I close the gap between us, coming up behind him I snake my hands over his shoulders and down his chest, enjoying the way his muscles flex under my fingers. Chainz reaches behind him, placing his powerful hands against my hips and pulls me closer. The contact sends tingles down my spine and an ache of need between my legs. I want to lose myself in his touch, to feel his naked flesh against my skin. When he touches me, the world disappears, and I can let go of the guilt that weighs on me.

I rest my head in the crook of his neck, inhaling his masculine odor. He even smells like sin. I’m playing with fire, I know. He’ll break my heart or worse if I don’t live up to his demands. “Stop it,” I silently command myself. He’s not like Adam, he won’t hurt you. Give him a chance for god sakes.

Something outside the window catches his eye. “What the fuck?” Chainz drops his hands to his side and takes a long hard look out the window, “Stay here.”

Without another word, he pushes past me, grabs his cut and rushes out the door. I turn back toward the window and glare into the darkness, trying to see what he saw. I can’t make out anything until Chainz moves out of the shadow and crosses through a beam of light. Alarm bells ring in my head. Ignoring his order, I rush the stairs. The party is in full swing and between all the people and the loud music, no one notices me slipping into the kitchen and out the side door. I follow behind him, far enough away he doesn’t notice me tailing him. He pulls open the garage door and disappears inside. As I near the building, I hear loud voices coming from inside.

“What the fuck, Fuel? I thought we were going to find you in a shallow grave. Where the hell have you been?”

“I got in over my head, Prez. I didn’t want the club to pay for my mistake, so I tried to handle it on my own. I fucked up.”

“I know what that feels like, but we’re a family man. Your troubles are ours. Tell me what the hell happened.”

“Remember when I got pinched on the gun run for the Demon Sons a few weeks back? When I was in custody, there was an Agent that offered me a deal. He said he had enough to bring the club down, but he’d bury it all if I helped him get to Raven. I agreed to get out of jail, but I didn’t want to do it. Agent Ward came down hard on me when I didn’t come through. I thought I could protect her, but I couldn’t. One of his men shot me in the shoulder and took me captive. Tonight, I escaped.”

“That Agent raided the compound a few nights back. He offered me the same deal. Come on, we end this now.”

I stumble backwards, the sting of betrayal slicing through my heart like a knife. I can’t unhear his words, confirming my worst fear. After what we shared, Chainz wouldn’t sell me out. Would he hand me over to Adam, knowing he’ll kill me? Needing some time to gather my thoughts, I head toward the courtyard and slump onto the bench, hanging my head. There’s a dull ache throbbing behind my eyes, so I squeeze them closed and rub my fingers against my eyelids. I press so hard and for so long, spots form. I force my eyes open and the tears seep out, blurring my vision even more.

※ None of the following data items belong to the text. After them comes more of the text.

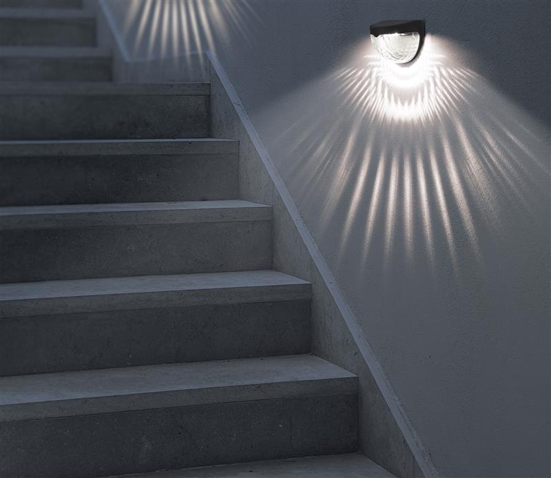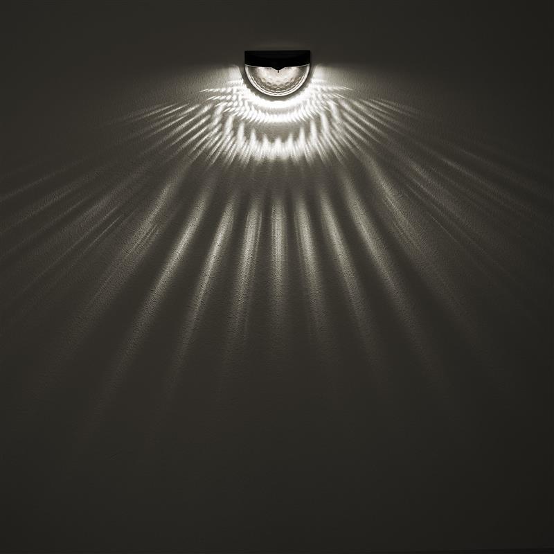 Dank der eingebauten Solarzellen wird die Lampe während der Sonneneinstrahlung aufgeladen, sodass sie nachts automatisch leuchtet. Sie kann an verschiedenen Oberflächen befestigt werden und eignet sich für die Montage an Zäunen und Wänden.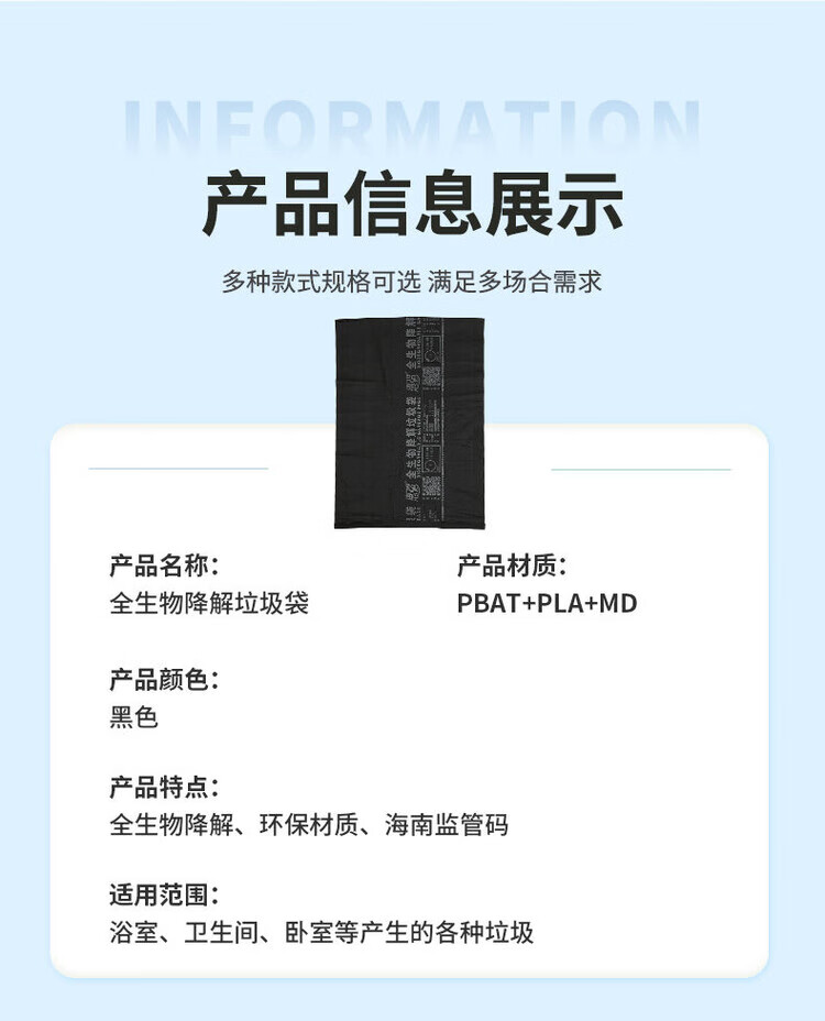 Biodegradable garbage bag Hainan plastic ban fully biodegradable hotel thickening garbage cleaning bag Hainan supervision code customization/sample Ask customer service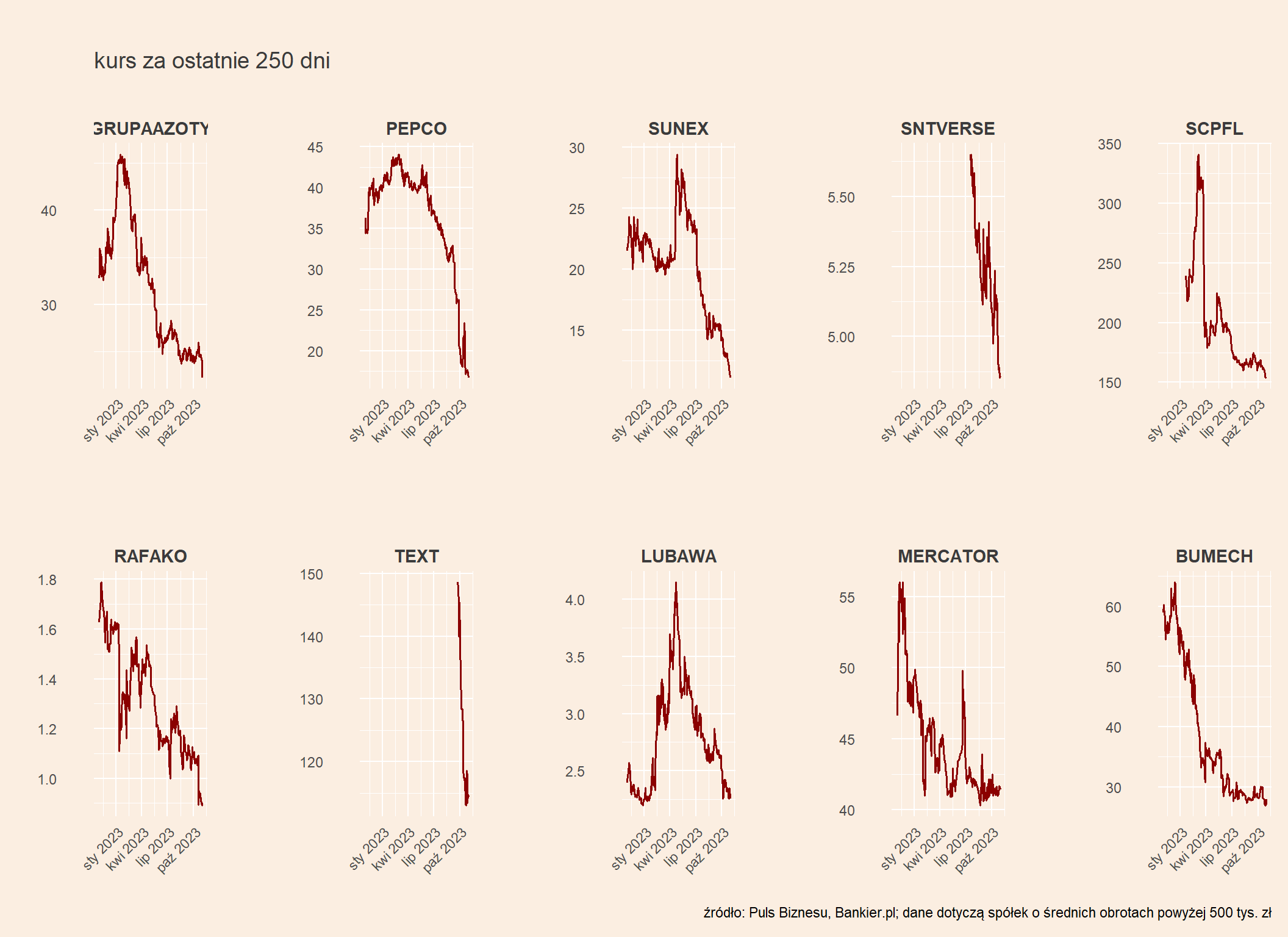 Mocno spada kurs Grupy Azoty, która podała w ubiegłym tygodniu słabe wyniki za III kwartał (wstępne), w weekend informację o wystąpieniu przez spółkę zależną Polyolefins z wnioskiem o pożyczkę w wysokości do 105 mln EUR, a jakby tego było mało, negatywną rekomendację wystawił akcjom analityk DM BOŚ.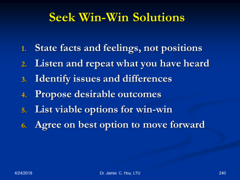 We all encounter conflict in our lives. It may be with a child, spouse, friend, colleague or boss. Such conflicts, when not handled right, can cause unpleasant arguments, bruised egos, or even long-term hurt feelings. When conflicts arise, most people either get angry and fight, or get sad and flee. Not too many people have learned how to turn such disagreements into win-win solutions.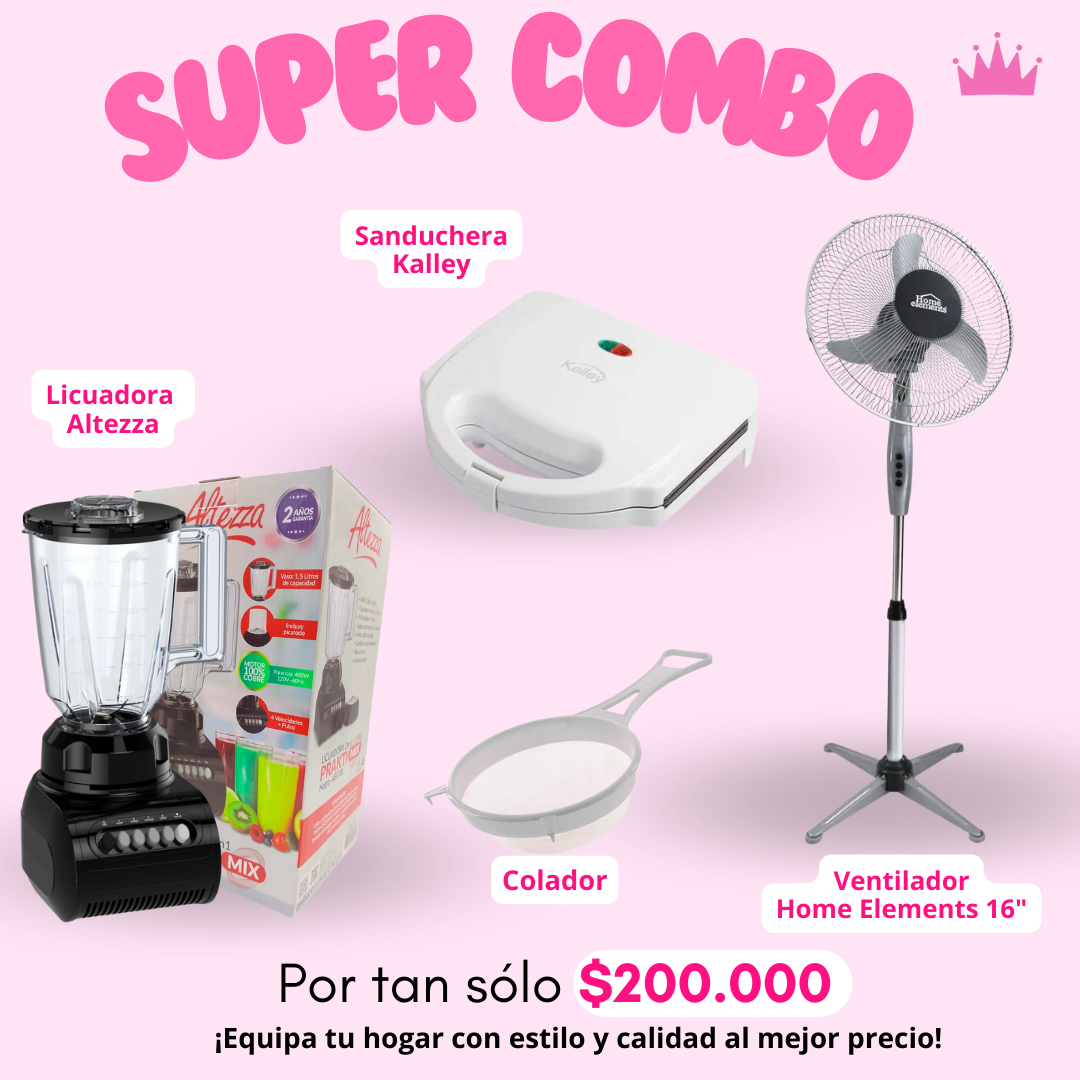 De electrodomésticospsra tu hogar 🏠 que incluye una sanduchera Kalley, una licuadora Altezza, un colador y un ventilador Home Elements de 16", ✨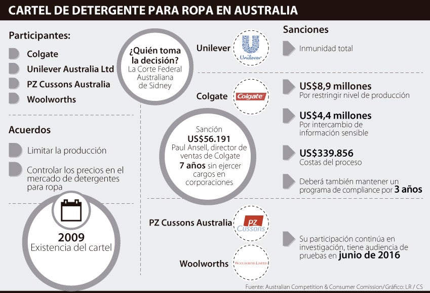 La Corte Federal Australiana de Sídney sancionó a Colgate con 18 millones de dólares australianos (US$13,8 millones) por varios conceptos. Restringir su nivel de producción, intercambio de información sensible, costos del proceso y además la empresa deberá mantener un estricto programa de compliance por al menos tres años.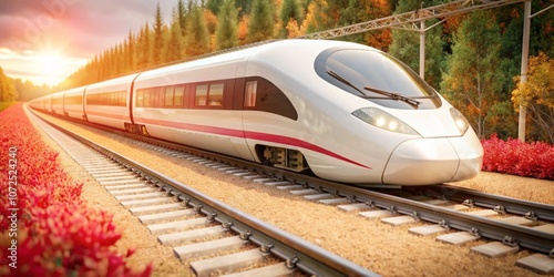 © Natalia, Naklejka premium Transport novelty. The high-speed train is designed according to the standards of modern technologies.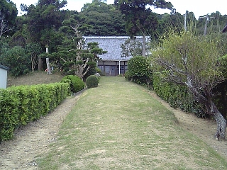 土手っぽい芝生の参道が斬新? |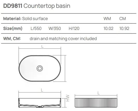 Dea Design Раковина чаша 60x40x15,5h см, Solid Surface, цвет: lotus DD9077 600 13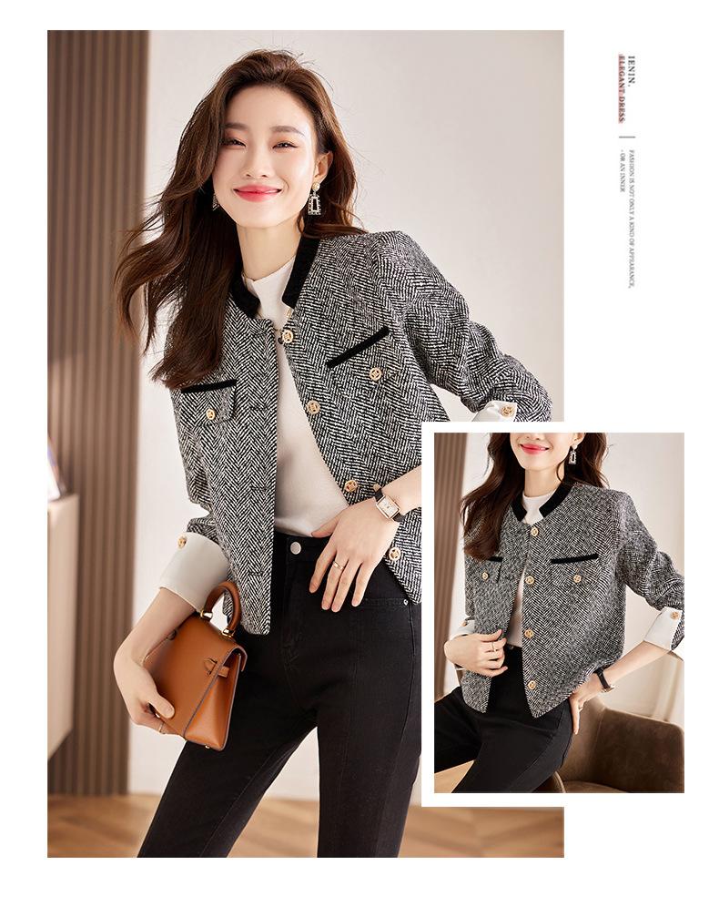 Otoño e invierno 2023 nuevo abrigo pequeño de manga larga gris temperamento de mujer excelente nombre tendencia de moda cálida pequeña combinación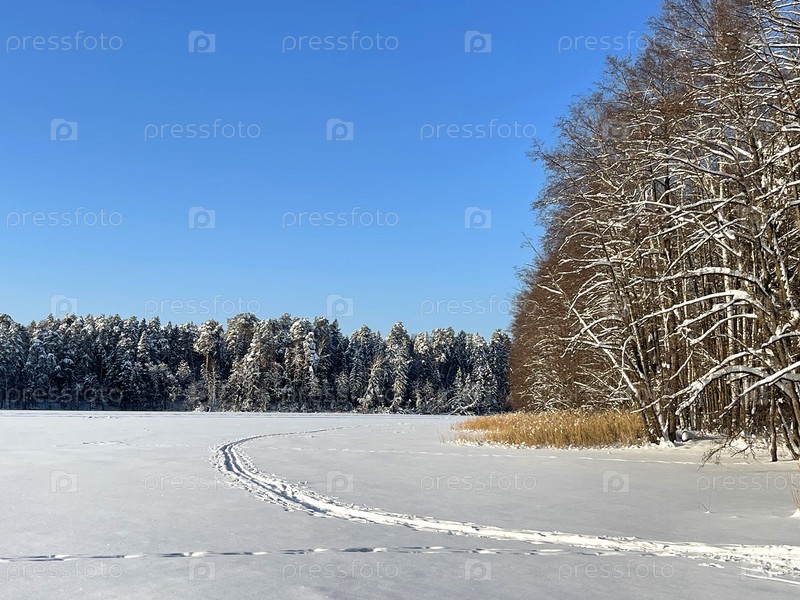 Озеро покрыто льдом и снегом в лесу в солнечный зимний день

I hear footsteps behind me, but I can’t face Chainz. Not yet. I’m not ready to listen to what he has to say. Even if Chainz never followed through, they both contemplated it. That’s just as much of a betrayal as killing me themselves. How could I be so dumb? I trusted him. I shrug him off as his hand lands on my shoulder.

“Go to hell.” I scream.

“Not without you.” A hand covers my mouth and before I can put up a fight, darkness drags me under.